Economics, Federal Reserve, Inflation, Krugman 48 Comments

I really like these chats Paul Krugman has with Joe Weisenthal, because you can get his news-you-can-use take on something without all the hemming and hawing, and lack of body language, from multiple blog posts. Also, Weisenthal adds to the clarification because he will make sure Krugman gets a chance to clear up any possible misconception.

Go ahead and watch this short clip. Then I’ll offer some observations.

First, Krugman admits that he really doesn’t know why the US economy apparently “needs bubbles” in order to grow, not just since 2008 but indeed for the last decade and going forward as far as the eye can see.

Second, Weisenthal and Krugman are both clear that he doesn’t want bubbles, it’s just that the economy right now needs some major changes to avoid the “need” for them. And–even though Krugman has admitted he doesn’t know exactly what’s causing it–he is knowledgeable enough to offer the following recommendations to help right things:

(1) Weaker dollar.

(2) Stronger social safety net.

(3) Somewhat permanent government fiscal stimulus (though he hedged himself on this one).

(4) Permanently higher price inflation target of 4% annually.

To repeat, everybody, the above isn’t something he wants to get us through to 2015. No, this is the new normal in Krugman’s (and Larry Summers’) world.

48 Responses to “Krugman on the Bubble Economy”

  1. Beard Face says:

    Okay… after watching this interview, I’m now incredibly frightened. Did Krugman lose weight?

  2. Ken B says:

    Of, can you predict what I meant to say now?

    I think you gave a fair summary.

  3. JohnB says:

    Whenever I actually watch Paul Krugman talk, I remember why some kids were always picked on in middle school. There is something about him that just makes you want to give him a swirlie.

    • Bob Roddis says:

      Paul Krugman is a lonely man. That he is comfortable in his solitude, that he emphasizes its virtues, that his intelligence gives it a poetic gloss, none of this diminishes the poignancy of his isolation. Krugman grew up an only child and is deeply self-conscious. He will list his shortcomings as though he’d been preparing for the chance: “Loner. Ordinarily shy. Shy with individuals.” He is married but has no children nor—rare for a Nobelist—many protégés. When I asked him if there were any friends of his I could talk to in order to understand him better, he hesitated, then said, “That’s going to be hard.” One colleague at Princeton, where Krugman has taught since 2000, says the economist will avert his eyes when circumstance places the two of them alone in an elevator, his nose stuck in the corner, so as to avoid conversation.

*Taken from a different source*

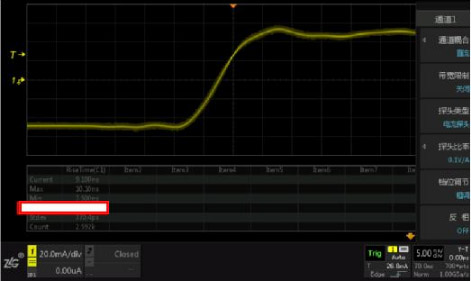 測試電流探頭的上升時間使用的測試儀器是信號發生器Keysight33600和示波器ZDS2022。信號發生器產生上升時間為5ns的方波,示波器顯示經過電流探頭后的上升波形和時間。

      http://nymag.com/news/politics/paul-krugman-2011-5/index1.html

      • Lord Keynes says:

        And Mises, by some accounts, was an obnoxious SOB. But that does not disprove his economics, any more than these amateur psychological ramblings disprove Krugman’s economics.

        • Bob Roddis says:

          His “economics” as been disproved for a century. The interesting question is what makes someone spout such obvious lies and distortions for the purpose of inflicting a regime of surreptitious theft and authoritarianism upon his fellow citizens.

          • Bob Roddis says:

            His “economics” HAVE been DISPROVEN for a century.

            • razer says:

              Longer than that, since the 1850’s actually.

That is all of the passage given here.